Data records
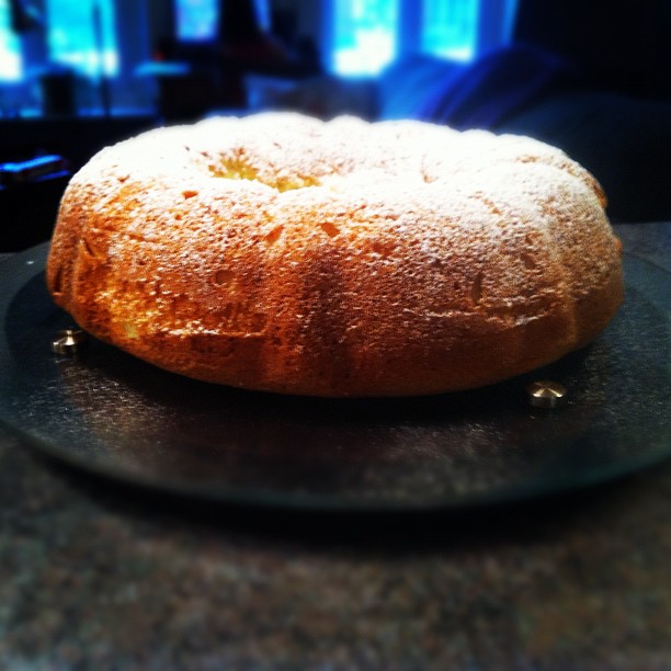 Le gâteau n’a pas levé comme dans les belles images et le démoulage fut catastrophique, surtout au centre du moule. J’avais pourtant bien huilé, mais je crois que j’aurais dû attendre une dizaine de minutes avant de démouler. Mais somme toute, c’est super bon, léger et ça fait changement. Me semble que j’aurais servi avec un bon glaçage doublement barraté… Mmmmm…
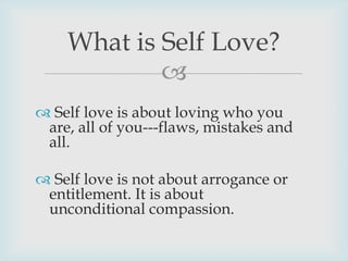 This document promotes a workshop called "Celebrate YOU!" about self-love and self-care. It defines self-love as unconditional compassion for oneself, flaws and all. Self-care is described as taking deliberate time to replenish one's mind, body and soul, not out of selfishness but to refresh one's spirit. The workshop teaches that self-love and self-care are important not just because you deserve them, but because you need them to enrich your life. It is a daily practice that the workshop, held on March 29th, will help people learn.
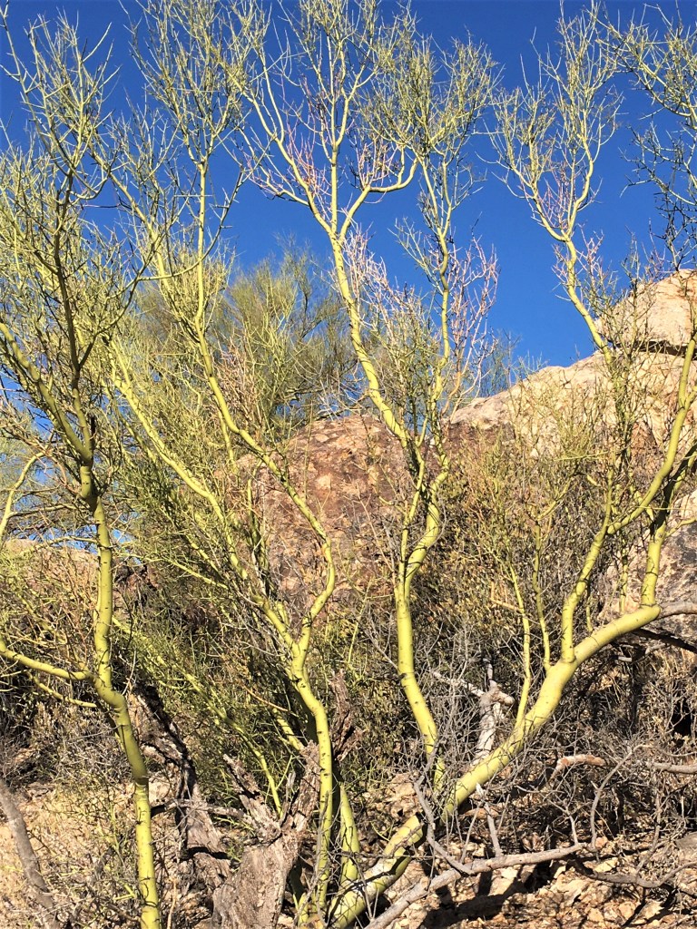 Palo verde have few very slender leaves, but can photosynthesize with their green bark.
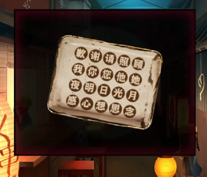 取走炉子上的扇子,对烤串用扇子看清排列。下方串序乱,洋葱圈有提示,记住对应位置:1 - 4、2 - 1、3 - 2、4 - 3、5 - 1。从烤炉后方左侧柜子拿餐盒,查看餐盒文字得:1 - 4感、2 - 1谢、3 - 2您、4 - 3光、5 - 1顾。检查右侧带密码锁柜子,调密码为“感谢您光顾”,打开柜子拿筷子。和旁边NPC对话,触发送外卖任务。
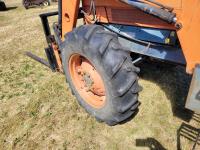 16 speed transmission, Kubota 796 loader, cab, joystick, 3 PT, 540 PTO, (2) hydraulic outlets, 7 ft bucket, bale forks, 12.4-24 front tires, 18.4-34 rear tires
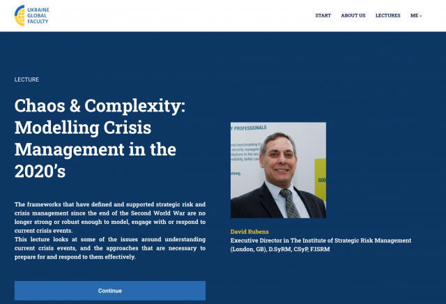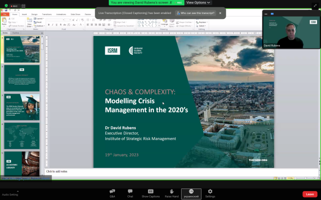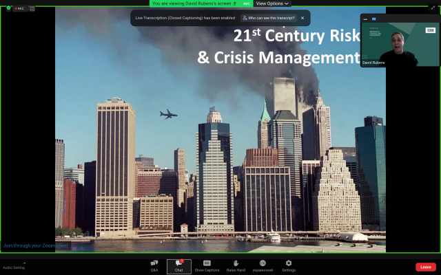 Викладачі кафедри адімінстративного менеджменту та зовнішньоекономічної діяльності долучились до першої лекції курсу з кризового менеджменту від DAVID RUBENS «Chaos & Complexity: Modelling Crisis Management in the 2020’s», що відбулась 19 січня 2023 р. Девід Рубенс є Директором Інституту управління стратегічними ризиками (Лондон, Британія).
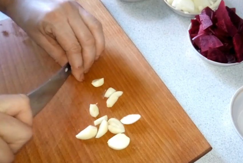 Кожен зубок часнику розрізати на кілька частин.![]()
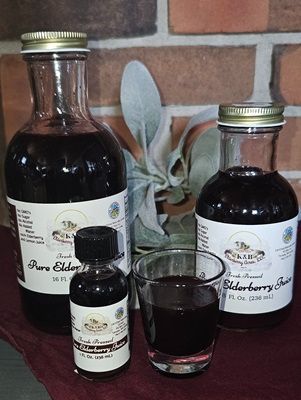 Certified Naturally Grown elderberries fresh pressed into juice and prepared in a commercial kitchen and Ohio Department of Agriculture approved. Lemon juice is the only preservative.

> [Goal of the exercise]: Set down the records above word for word, from the first line through the line containing "取走炉子上的扇子,对烤串用扇子看清排列。下方串序乱,洋葱圈有提示,记住对应位置:1 - 4、2", both included; leave out the pictures.

> [Answer section]:
 Le gâteau n’a pas levé comme dans les belles images et le démoulage fut catastrophique, surtout au centre du moule. J’avais pourtant bien huilé, mais je crois que j’aurais dû attendre une dizaine de minutes avant de démouler. Mais somme toute, c’est super bon, léger et ça fait changement. Me semble que j’aurais servi avec un bon glaçage doublement barraté… Mmmmm…
 This document promotes a workshop called "Celebrate YOU!" about self-love and self-care. It defines self-love as unconditional compassion for oneself, flaws and all. Self-care is described as taking deliberate time to replenish one's mind, body and soul, not out of selfishness but to refresh one's spirit. The workshop teaches that self-love and self-care are important not just because you deserve them, but because you need them to enrich your life. It is a daily practice that the workshop, held on March 29th, will help people learn.
 Palo verde have few very slender leaves, but can photosynthesize with their green bark.
 取走炉子上的扇子,对烤串用扇子看清排列。下方串序乱,洋葱圈有提示,记住对应位置:1 - 4、2 - 1、3 - 2、4 - 3、5 - 1。从烤炉后方左侧柜子拿餐盒,查看餐盒文字得:1 - 4感、2 - 1谢、3 - 2您、4 - 3光、5 - 1顾。检查右侧带密码锁柜子,调密码为“感谢您光顾”,打开柜子拿筷子。和旁边NPC对话,触发送外卖任务。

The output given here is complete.